NTTドコモは「CEATEC JAPAN 2016」(2016年10月4〜7日、千葉・幕張メッセ)で、AIを活用してタクシー利用の需要をリアルタイムで予測する技術を展示した。人口統計や気象データなどのデータを、多変量自己回帰と深層学習を使って解析して情報を抽出し、「30分後、都内のどのエリアにおいてタクシーの需要が増すか」を予測する。
NTTグループは「CEATEC JAPAN 2016」(2016年10月4〜7日、千葉・幕張メッセ)において、「IoT×ネットワーク×AI(人工知能)」をテーマに、グループ各社の関連技術を展示した。NTTドコモは、AIを活用してタクシー利用の需要をリアルタイムで予測する、「リアルタイム移動需要予測技術」を紹介した。同技術を使った実証実験は、2016年6月〜2017年1月の期間、東京都内において行われている。この実証実験には、NTTドコモの他、東京無線協同組合、富士通、富士通テンが参加している。

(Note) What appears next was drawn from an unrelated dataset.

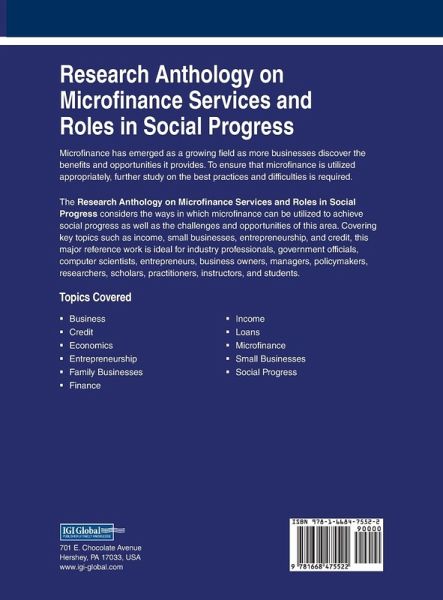 Microfinance has emerged as a growing field as more businesses discover the benefits and opportunities it provides. To ensure that microfinance is utilized appropriately, further study on the best practices and difficulties is required. The Research Anthology on Microfinance Services and Roles in Social Progress considers the ways in which microfinance can be utilized to achieve social progress as well as the challenges and opportunities of this area. Covering key topics such as income, small businesses, entrepreneurship, and credit, this major reference work is ideal for industry professionals, government officials, computer scientists, entrepreneurs, business owners, managers, policymakers, researchers, scholars, practitioners, instructors, and students.

リアルタイム移動需要予測技術では、タクシーの運行データなどのデータとAIを組み合わせ、30分後のタクシー利用の需要を予測する。データには、タクシー運行データの他、雨が降るなどの気象データ、コンサートがあるなどのイベントデータ、レストランや居酒屋が多いといった施設情報、そしてNTTドコモの人口統計が用いられるのが特長だ。
この人口統計は、NTTドコモが提供するモバイルネットワークの仕組みを利用して作成されるもの。現在、国内では約7000万台の携帯電話がNTTドコモのネットワークに接続されている。基地局の運用データから人口分布(その基地局の周辺に、人がどれだけいるのか)を把握する*)。NTTドコモの説明員によると、この人口統計を予測用のデータに使うことで、予測の精度が最大約25%向上するという。
*)NTTドコモは、このようにモバイルネットワークを利用して作成した人口統計の情報を「モバイル空間統計」として提供するサービスを展開している。
AIの手法としては、多変量自己回帰と深層学習を組み合わせて、用いているという。
実証実験では、「30分後にタクシー利用の需要が増えそうな地域」を、タクシーのカーナビゲーションシステムの地図上にリアルタイムで表示させる。ドライバーはそれを見れば、「この地域に行けばよさそうだな」ということが分かる。「タクシー会社の売り上げを底上げできるだけでなく、ユーザーもタクシーを拾いやすくなり、双方にとって利点がある」(NTTドコモ)
リアルタイム移動需要予測技術は、タクシーだけでなく電車やバスなどにも適用できる。将来的には同技術をさまざまな交通機関に適用し、「その時、どの交通手段を利用するのがユーザーにとって一番いいのか、“交通の最適化”を目指したい」(NTTドコモ)としている。